* PROBLEM REQUIREMENTS: Could you repeat every entry below word for word, leaving out the pictures?

(Dataset records)

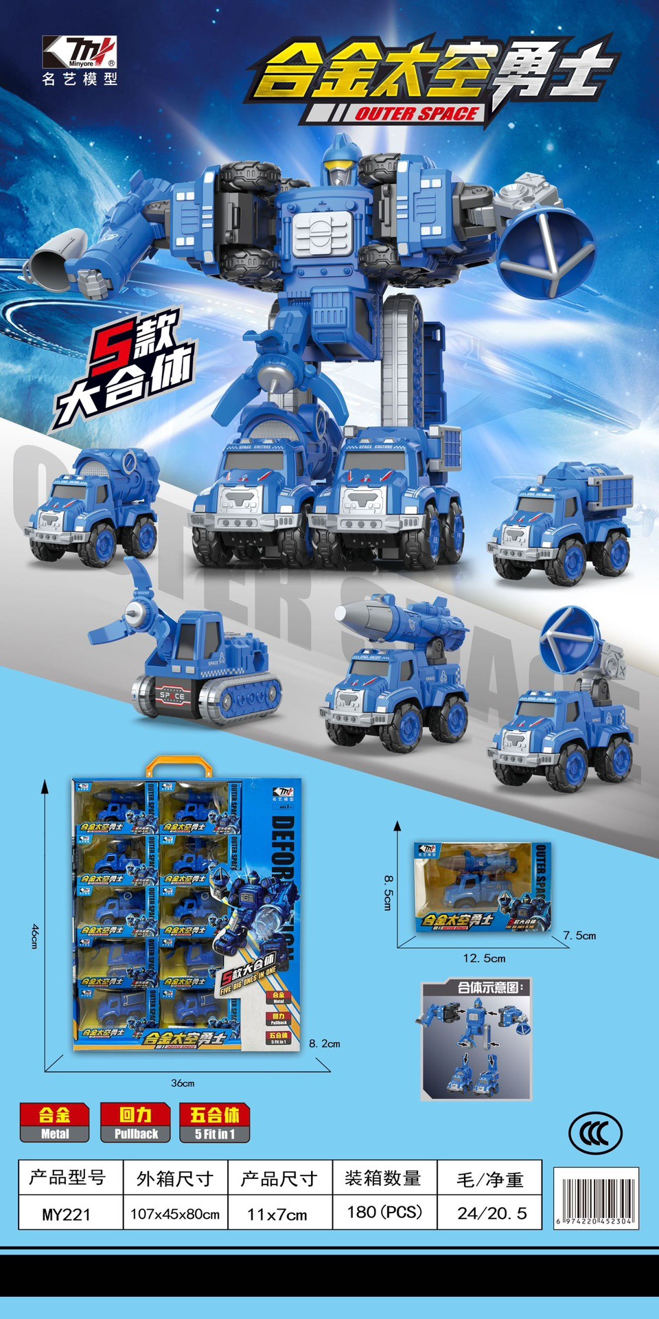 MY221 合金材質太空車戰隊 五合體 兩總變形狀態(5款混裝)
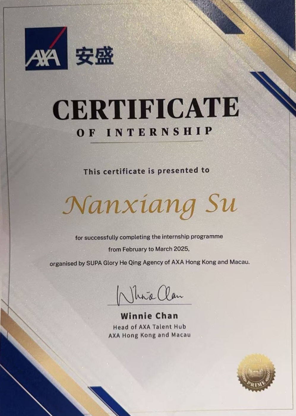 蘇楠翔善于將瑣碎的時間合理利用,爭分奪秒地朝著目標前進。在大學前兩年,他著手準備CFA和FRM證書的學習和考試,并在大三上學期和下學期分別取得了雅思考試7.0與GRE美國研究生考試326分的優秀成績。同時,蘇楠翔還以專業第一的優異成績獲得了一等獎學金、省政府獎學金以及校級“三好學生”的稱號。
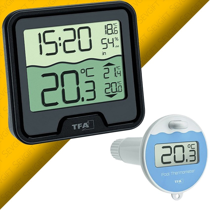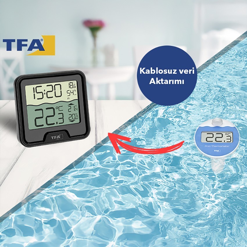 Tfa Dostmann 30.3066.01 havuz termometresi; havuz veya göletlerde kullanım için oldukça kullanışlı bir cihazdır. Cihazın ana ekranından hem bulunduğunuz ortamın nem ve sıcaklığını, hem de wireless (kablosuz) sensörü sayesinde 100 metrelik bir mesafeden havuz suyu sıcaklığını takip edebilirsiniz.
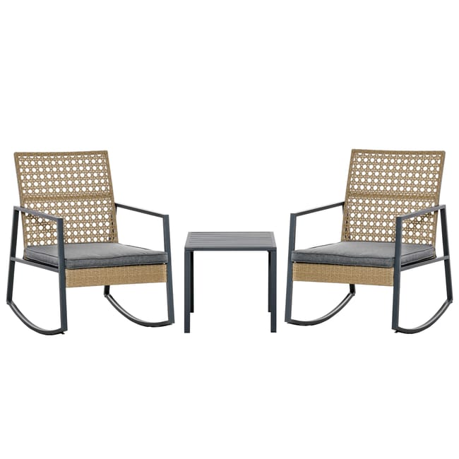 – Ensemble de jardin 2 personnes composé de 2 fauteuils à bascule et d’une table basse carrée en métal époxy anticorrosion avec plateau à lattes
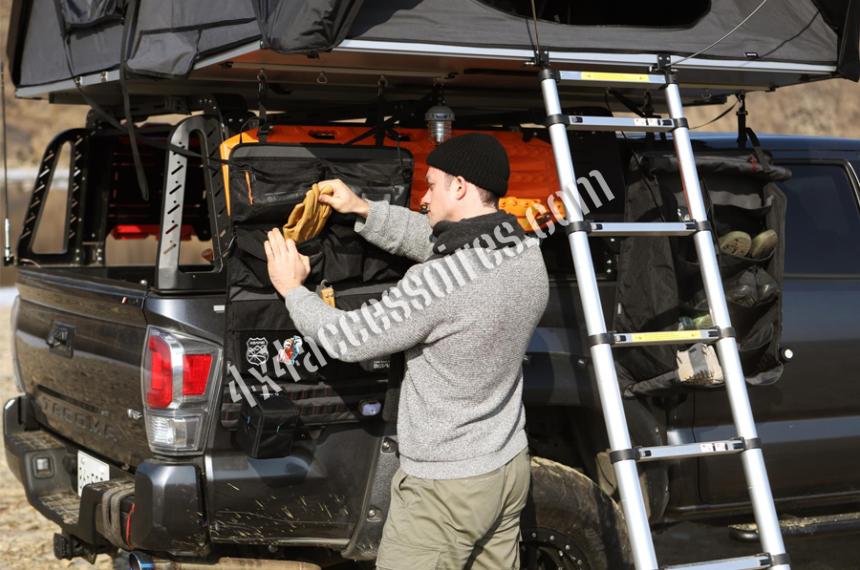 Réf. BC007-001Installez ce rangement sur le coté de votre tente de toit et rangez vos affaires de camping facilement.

* SOLUTION TO THE EXERCISE:
 MY221 合金材質太空車戰隊 五合體 兩總變形狀態(5款混裝)
 蘇楠翔善于將瑣碎的時間合理利用,爭分奪秒地朝著目標前進。在大學前兩年,他著手準備CFA和FRM證書的學習和考試,并在大三上學期和下學期分別取得了雅思考試7.0與GRE美國研究生考試326分的優秀成績。同時,蘇楠翔還以專業第一的優異成績獲得了一等獎學金、省政府獎學金以及校級“三好學生”的稱號。
 Tfa Dostmann 30.3066.01 havuz termometresi; havuz veya göletlerde kullanım için oldukça kullanışlı bir cihazdır. Cihazın ana ekranından hem bulunduğunuz ortamın nem ve sıcaklığını, hem de wireless (kablosuz) sensörü sayesinde 100 metrelik bir mesafeden havuz suyu sıcaklığını takip edebilirsiniz.
 – Ensemble de jardin 2 personnes composé de 2 fauteuils à bascule et d’une table basse carrée en métal époxy anticorrosion avec plateau à lattes
 Réf. BC007-001Installez ce rangement sur le coté de votre tente de toit et rangez vos affaires de camping facilement.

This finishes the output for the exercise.